業を煮やしたディレクターは被告に対する暴言を並べ、由美子さんから直情的な、怒りの言葉を引き出そうと躍起になっていた。
しかし被害者遺族の感情は、それほど単純なものではないのだろう。宮本被告に対する憤怒の感情が消えないのは当然としても、2年という時間の中で宮本被告に対する感情も不安定に変化し、思いがけぬ“交流”に発展することもあるのだ。
(文春オンラインの記事から引用)


テレビ局としては被害者遺族に寄り添うフリをしながら、「宮本被告を強い口調で批判する母親の姿」を撮影したかったのでしょう。テレビにおける事件報道のあり方として正しいとか、間違っているとか断定する気はありませんが、気色悪い場面です。「ありのままを伝える」のではなく、視聴者の反応を計算した上での演出を混じえ、発言を誘導しようとしているのですから
もう1つは、宮本被告が自宅マンションを妻に贈与し、妻はそれを売却してさっさと新居に引っ越したと伝える現代ビジネスの記事です
おそらく逮捕された後、宮本被告は妻から離婚を請求されるとともに財産分与を求められたのでしょう。本来は被害者遺族への賠償に充当されるべき宮本被告の資産は、大部分が妻に渡ってしまったのであり、遺族は宮本被告の元妻に対して賠償請求するのは困難です
元妻の側にすれば、夫が稲田真優子さんに惚れ込んで連日店へ通い、給料のほとんどを注ぎ込んだのが許せないのであり、夫の財産(マンション)を処分して新居へ移るのは当然の権利という話になります


殺人犯の妻は、自宅を売り払って即日新居を購入した…大阪カラオケパブ殺人犯「3000万円賠償金払わず」
(前略)
裁判では、その情状のために宮本被告の財産を開示している。真優子さんの遺族が宮本被告に対して別途起こした民事訴訟では、損害賠償金として2980万円の支払いを命じる判決が出ている。

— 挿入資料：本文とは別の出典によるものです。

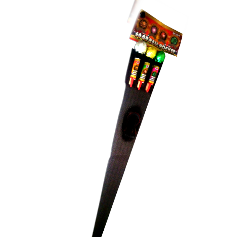 Assortimento 6 razzi a sfera senza dispersione di plastiche. Effetti: onda rossa e palma argento , onda verde palma argento, onda viola palma argento, oro variante a rosso, oro variante a blu, stelle viola e argento glitter.
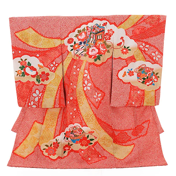 女児産着 お宮参りレンタル1819 オレンジ地 雲取り 花車
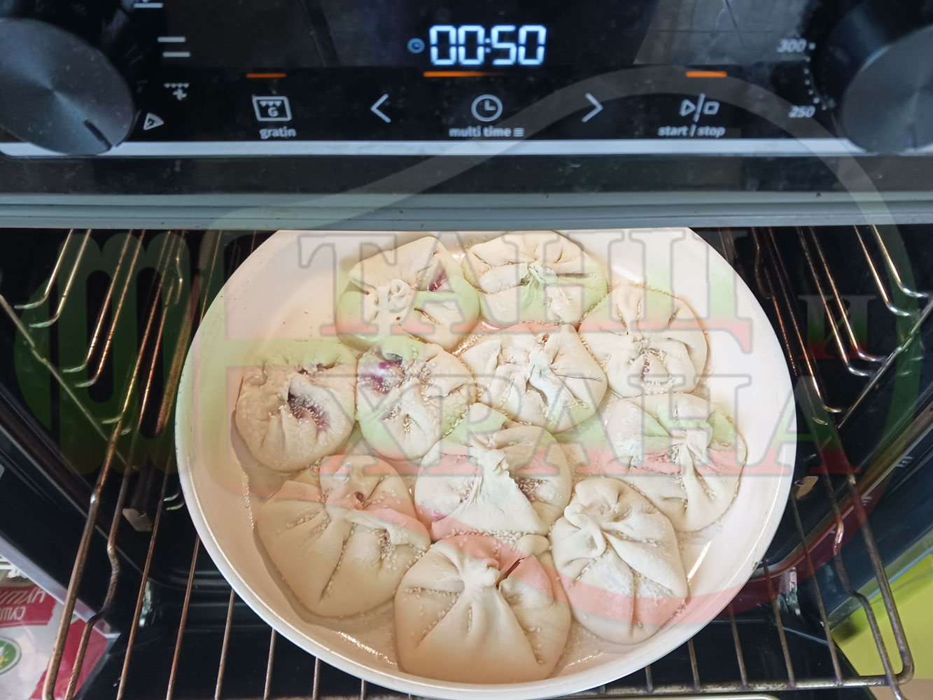 ВНИМАНИЕ: Фурните са различни и съответно времето за запичане е ориентировъчно. Наблюдавайте процеса на запичане и при необходимост, покрийте с хартия или фолио за печене. За по-равномерно изпичане, покрийте тавата след 15-та минута от началото на зададеното време.
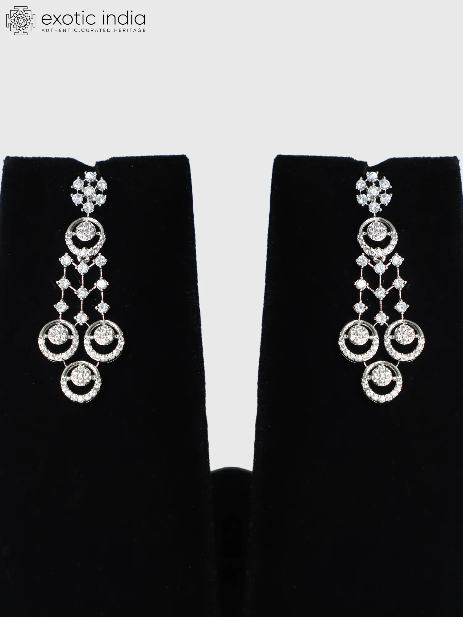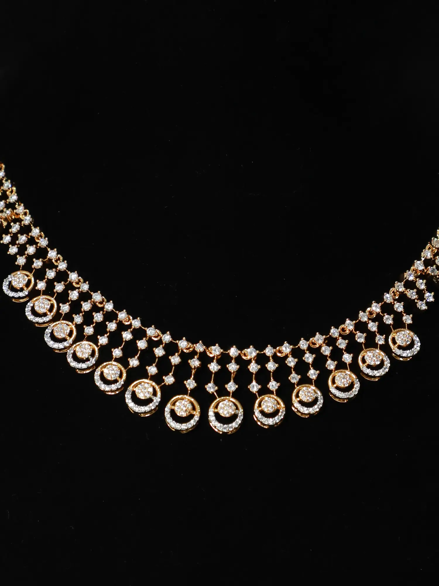 Elegant Floral Design Long American Diamond Necklace Set With Earrings
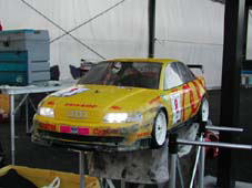 一喜一憂だったFG CUP in ホクセイ・サーキットでしたが、 チーム「九州男児」の大活躍、そしてYNさん、まっさん、こてつさんをはじめとするアマドゥ軍団とのご対面、なかでもYNさんが「ワイルド野郎さん、まあ、コーヒーでもいかがですか?」とメカトラブルのあと、誰も寄せ付けないぞう・モードに入っていた私に、温かい言葉をかけていただき、本当にありがとうございました。これからもみなさんとは、HP上ではもちろん、レースでも交流を深めていければと思います。(左の車は、まっさんのアウディ。ヘッドライトが点灯しているのがわかりますか?)
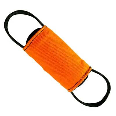 DINGO GEAR Training Tug Toy Cylinder Shaped Dummy for K9, IGP, Bite Lessons, Dog Sports, Retrieve, of War, Play, 2 Handles, Orange Nylcot 15 x 6 cm (S02810)
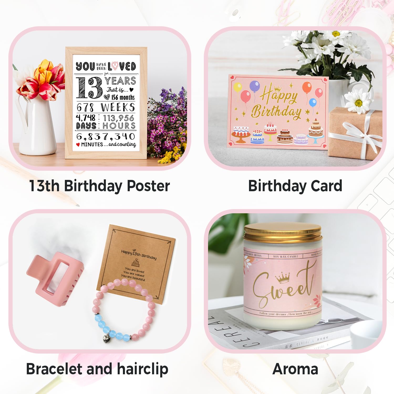 Each of our gifts is carefully selected: with the exclusive words "MAKING THE WORLD A BETTER PLACE SINCE 2012" printed on the makeup bag, reminding her of how great and unique she is. A rose gold folding metal mirror with the words "Celebrating 13th Birthday" printed on it. Candles with the fragrance that girls love, bead bracelets, and more

支払いは実際に行っていないものの、宮本被告は「私有財産を遺族に開示したので、量刑を軽くすべき」と信じがたい訴えをしていた。
しかし判決は「財産開示で量刑を考慮する必要はない。賠償もしておらず、そう支払うのかも明かしていない。遺族は許しがたいと言っており、被害弁償はされていない」とにべもないものだった。
差し押さえも不可能…遺族の怒り
この日の判決前に、被害者遺族として真優子さんの母、由美子さんは意見陳述でその点に触れ、宮本被告が「情状」とした損害賠償請求について、こう主張している。

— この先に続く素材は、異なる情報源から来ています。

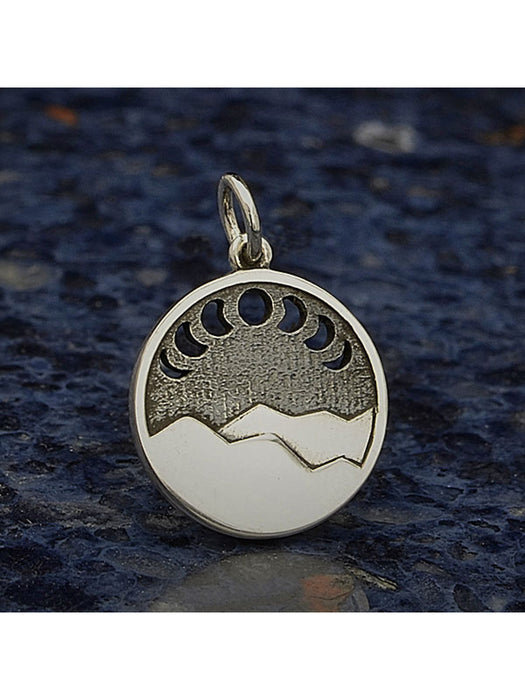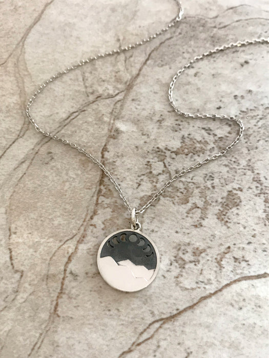 This celestial pendant necklace features a range of shiny silver mountains set against an oxidized sky with the phases of the moon cutout.
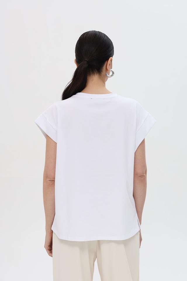 Благодаря своему лаконичному дизайну, эта футболка легко сочетается с различными элементами одежды – от джинсов и шорт до юбок и брюк. Она идеально подходит для создания как повседневных, так и более элегантных образов.
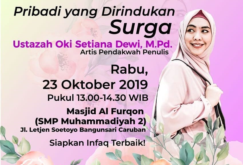 The Person Who Longs for Heaven With Ustazah Oki Setiana Dewi , M.Pd. Wednesday 23 October 2019 13:00 – 14:30 Al Furqon Mosque (SMP Muhammdiyah 2) Jl.Letjen Soetoyo Bangunsari Caruban
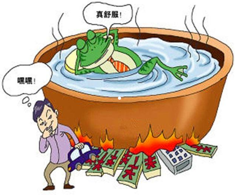 如果把一只青蛙扔到開水中,青蛙會(huì)馬上跳出來(lái)。但如果把一只青蛙放入涼水中逐漸加熱,青蛙就會(huì)在不知不覺中失去跳躍的能力,直到死去。
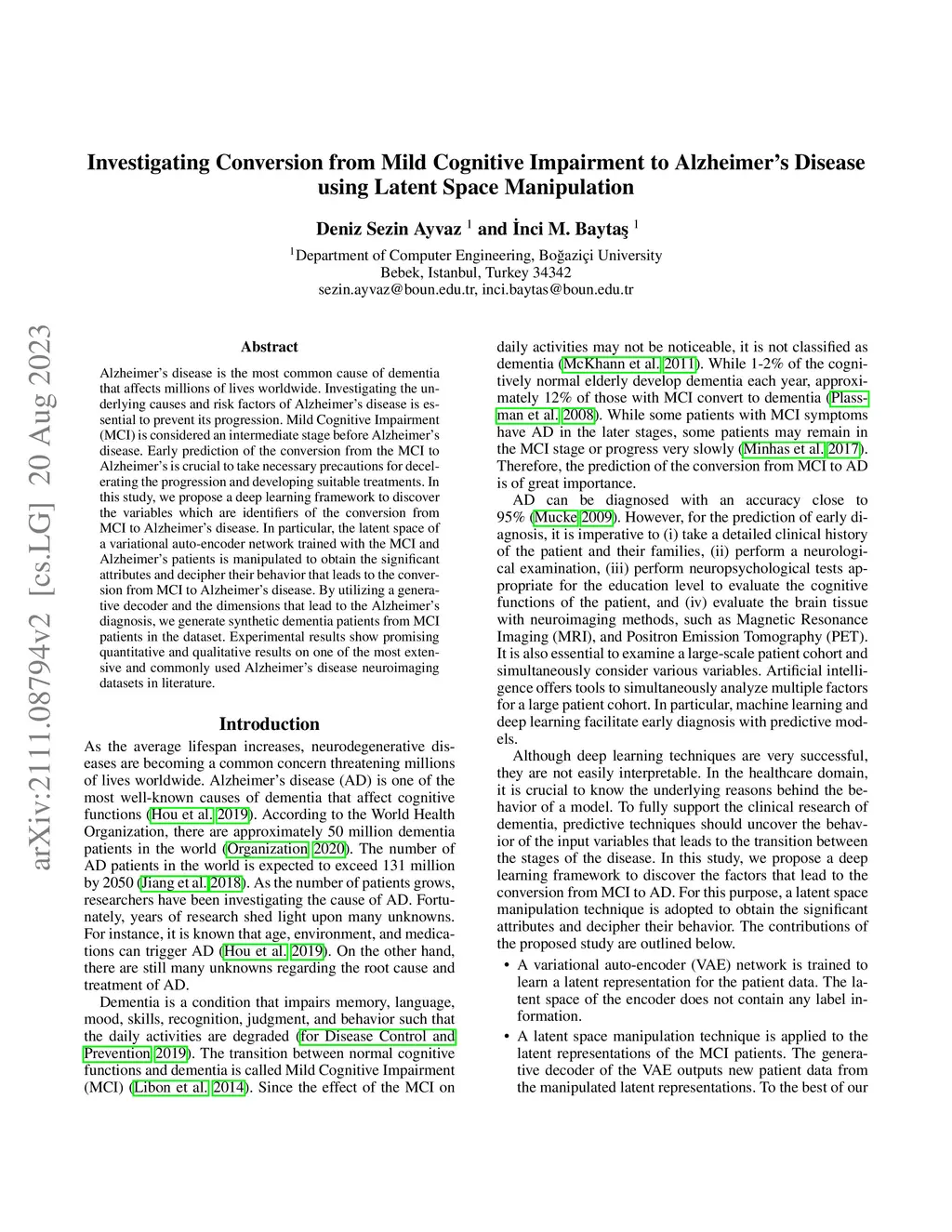 Alzheimer's disease is the most common cause of dementia that affects millions of lives worldwide. Investigating the underlying causes and risk factors of Alzheimer's disease is essential to prevent its progression. Mild Cognitive Impairment (MCI) is considered an intermediate stage before Alzheimer's disease. Early prediction of the conversion from the MCI to Alzheimer's is crucial to take necessary precautions for decelerating the progression and developing suitable treatments. In this study, we propose a deep learning framework to discover the variables which are identifiers of the conversion from MCI to Alzheimer's disease. In particular, the latent space of a variational auto-encoder network trained with the MCI and Alzheimer's patients is manipulated to obtain the significant attributes and decipher their behavior that leads to the conversion from MCI to Alzheimer's disease. By utilizing a generative decoder and the dimensions that lead to the Alzheimer's diagnosis, we generate synthetic dementia patients from MCI patients in the dataset. Experimental results show promising quantitative and qualitative results on one of the most extensive and commonly used Alzheimer's disease neuroimaging datasets in literature.

「(宮本被告の口座にある)銀行の定期預金、微々たる金額を差し押さえられているだけ。(宮本被告の)年金は差し押さえが不可能である。また被告の元妻は(犯行当時住んでいた)家を売却し、即日新居を購入している。私たち遺族の感情として大変許しがたい」
宮本被告の犯行に加えて、損害賠償への対応についても舌鋒鋭く非難したのだ。
元妻が自宅を売却し、即日新居を購入したとはどういうことか? 宮本被告は犯行当時、兵庫県西宮市の83㎡の分譲マンションに妻と子ども2人と暮らしていた。
だが、逮捕後に妻と離婚している。不動産登記簿を見ると、宮本被告は所有している分譲マンションをこの元妻に贈与している。そして、2022年4月に不動産会社に売却されたと同時に、元妻は別の物件を購入していたのだ。その点について、由美子さんが怒りを露わにしたのである。
(以下、略)


殺人事件や強盗殺人事件の被害者が犯人側から十分な賠償を受けられないのは、今に始まった話ではありません。むしろ、犯人側から賠償を受けたケースの方が珍しいのでしょう
宮本被告の妻(あるいは元妻)の側にも言い分はあるわけで、ある日突然「殺人犯の家族」という立場を押し付けられ、マスコミに追い回され、近所からは好奇の目で見られるのですからたまったものではない、と推測します
宮本被告への怒り心頭で、おそらく警察に逮捕された後は面会も差し入れもしていないのでは?
その後、警察が家宅捜索に入り家の中を引っ掻き回し、家族は何度も事情聴取を受ける羽目になったはずです。なので離婚し、娘たちを連れて別の住居へ移ろうというのは自然な選択だと理解できます
ただ、遺族への賠償をどうするかという問題は残ります。妻の側は被害者家族との面談は拒否し、話し合うつもりはないものと想像します
宮本被告はこれから服役し、仮釈放を受けられるかどうかは定かではありませんが、17年から18年は服役します(裁判の判決が確定するまで被告として勾留された期間=未決の期間は服役したものとして算入されるのが通例です)。その間、刑務作業に従事して得られる作業報奨金を貯めて賠償に当てるのでしょうか?
自分の予想だと遺族には今後、1円たりとも払う気がないように思われます
年金は受給権利者が服役した場合、受給資格が停止されますので支払われません。刑務所から出たら、服役した間の年金をまとめて受け取れると思い込んでいる人がいますが、間違いです。刑務所から出所し、受給資格の停止が解除された時点から年金を受け取ることになります
自分の単なる推測なのですが、遺族側が請求した2980万円という金額はカラオケパブ店の開店資金としての借り入れや店舗閉店にともなう撤去費用など、実質的な経費であり、本来の慰謝料というのは含まれていないのでは?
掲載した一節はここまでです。